Christian Dating: Finding Love in Faith

For many Christians, their religion defines who they are as a person – so it is natural to seek out a partner who shares the same world-view. While it may be traditional to find a soulmate within your own congregation, online Christian dating has made it easier to find other like-minded people for a relationship. We have compared some of the top online dating sites for Christians below.

Company Cost Description Features Rating Website
From £27.95/month Easy to meet other serious, professional Christians.
  • For working, affluent professionals
  • Mobile apps
  • Free membership (limited features)
  • Automatic match suggestions
  • Detailed personality profile
9.6
out of 10

Visit Elite Singles
From £12.95/month Relationship surveys help find Christian matches.
  • 3.5 million UK members
  • Mobile apps
  • Free membership (limited features)
  • Unique matchmaking system
  • Unlimited messages
8.8
out of 10

Visit eHarmony
From £11.95/month Affinity questionnaire to find other like-minded Christians.
  • 3 million UK members
  • Comprehensive personality test
  • Automatic matching with potential dates
  • Compatibility scores
  • Free membership (limited features)
8.4
out of 10

Visit MatchAffinity

If you’re a committed Christian, the love of God will be a part of your daily life and, if you are now looking for an earthly love to complement it, we have three tips to Christian dating to make that happen.

1. Decide upfront what your boundaries are

Many dating sites encourage people to take a flexible approach when it comes to looking for their future spouse.
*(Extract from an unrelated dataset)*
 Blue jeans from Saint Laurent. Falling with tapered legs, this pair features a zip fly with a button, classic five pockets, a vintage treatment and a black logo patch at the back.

However, most people have certain, fundamental values and beliefs and it’s critical for them to find a partner who is compatible with these.

Compatibility, however, means different things to different people. For some people, it’s enough for a partner to respect their faith, even if they don’t believe themselves. For others, a partner has to have faith, even if they don’t actively practice it. Some people, however, need to see that a partner has the same sort of religious commitment as they do. Think seriously about what, specifically, you need to see in your partner in terms of belief and only connect with people you think can meet your criteria.
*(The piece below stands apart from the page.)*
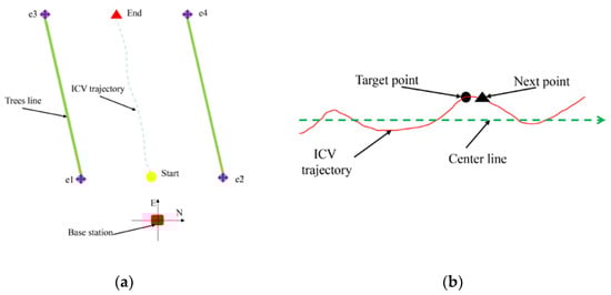 The heading angle of the ICV is obtained by real-time GPS trajectory and the center line of the tree row (Figure 8b), and the equation for the center line of the tree row can be obtained as follows:
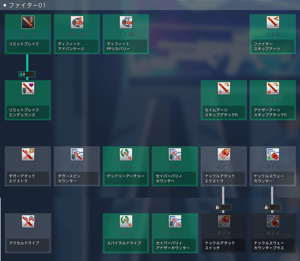ファイターのスキルツリーをこだわったバージョンは以下のツリーです。

This could potentially save you a whole lot of time and heartache.

2. Think about how to meet your potential partner

If you are looking for a partner who shares your faith, meeting someone at church seems like the obvious solution. However, you can attend services week after week without ever meeting anybody else who is single and looking for love! Doesn’t it seem like everybody is already paired off and starting to plan a family?
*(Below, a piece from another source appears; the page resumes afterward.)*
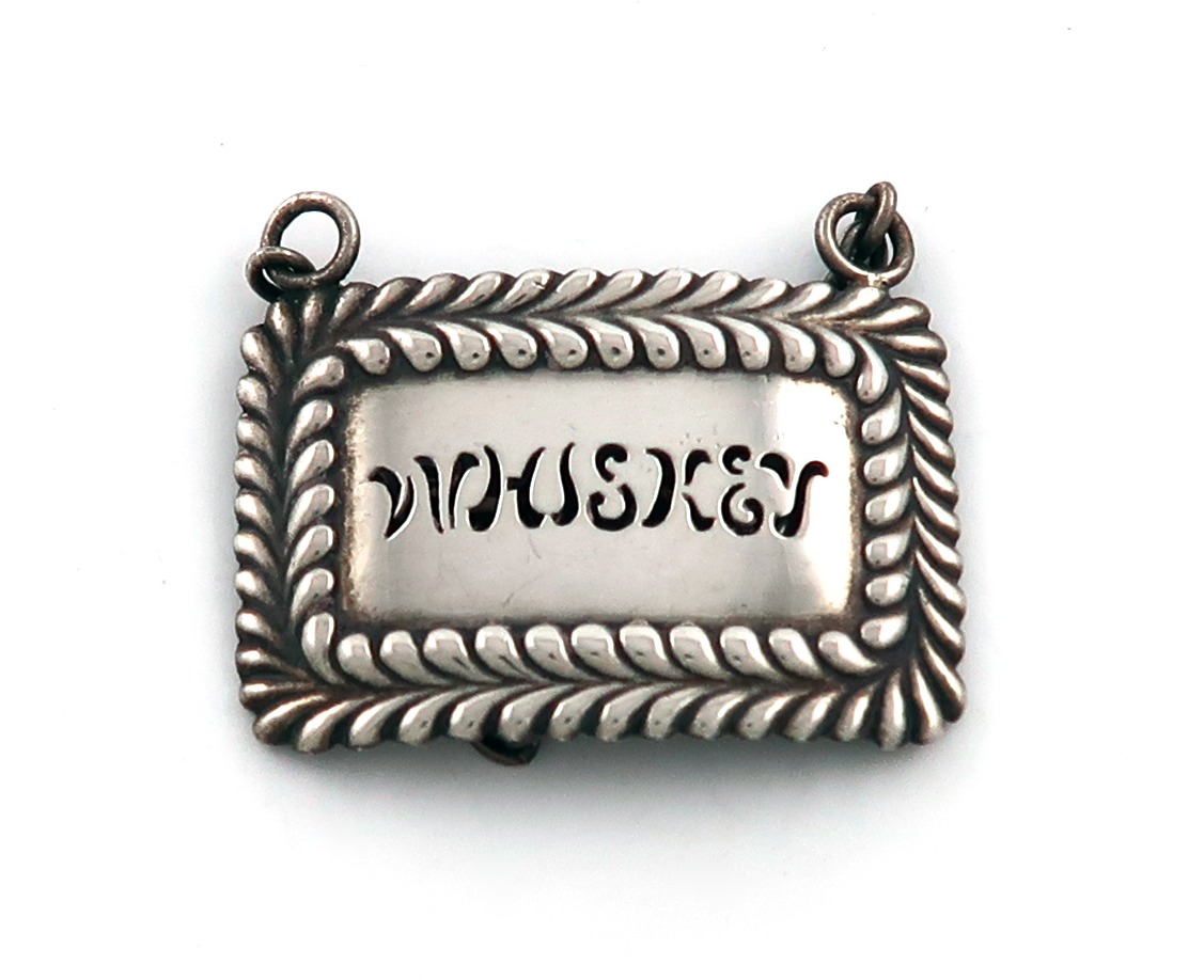 of rectangular form, fluted gadrooned border, pierced 'WHISKEY', length 3.5cm, approx. weight 0.3oz.

Another option is to try to meet people via dating apps. But be aware that these are often referred to as ‘hookup’ apps for a reason; although some people find long-term relationships on apps like Tinder, many just use it to plan one-off liaisons and are not looking for anything serious.

Your other option is to look into paid Christian online dating sites. You can go to a general site like PlentyOfFish, but you may be better suited to sites that are dedicated to help people of faith meet others with similar beliefs. Don’t be afraid to sign up to paid sites. They are often the best way to meet others who are genuine (nobody sets up fake profiles when they have to pay for them!) and who are taking the journey as seriously as you are.

3. Look for a relationship that is in balance

Healthy romantic relationships are usually a combination of compatibility, spiritual/emotional connection and physical attraction.

Compatibility means just that. It covers everything from geographical location (being at different ends of a city can be almost as challenging as being at different ends of a country if neither of you drives) to being able to accommodate each other’s life passions. You may both share a belief in Christ but if one of you is super-sporty and the other hates sport and anything to do with it, you’re unlikely to have much to talk about.

Spiritual/emotional connection is pretty much self-explanatory. In basic terms, you need to understand each other and there needs to be a strong connection between you.

That leaves physical attraction, which is probably the single biggest factor in turning a friendship into a loving relationship. It’s also about a whole lot more than looks.

When you are in the early stages of a relationship, make sure you think about it in terms of each of these factors and be alert to any warnings that your attraction to a person is based on just one or two of them. There may be exceptions, but generally you need all 3 factors to be present for a relationship to succeed.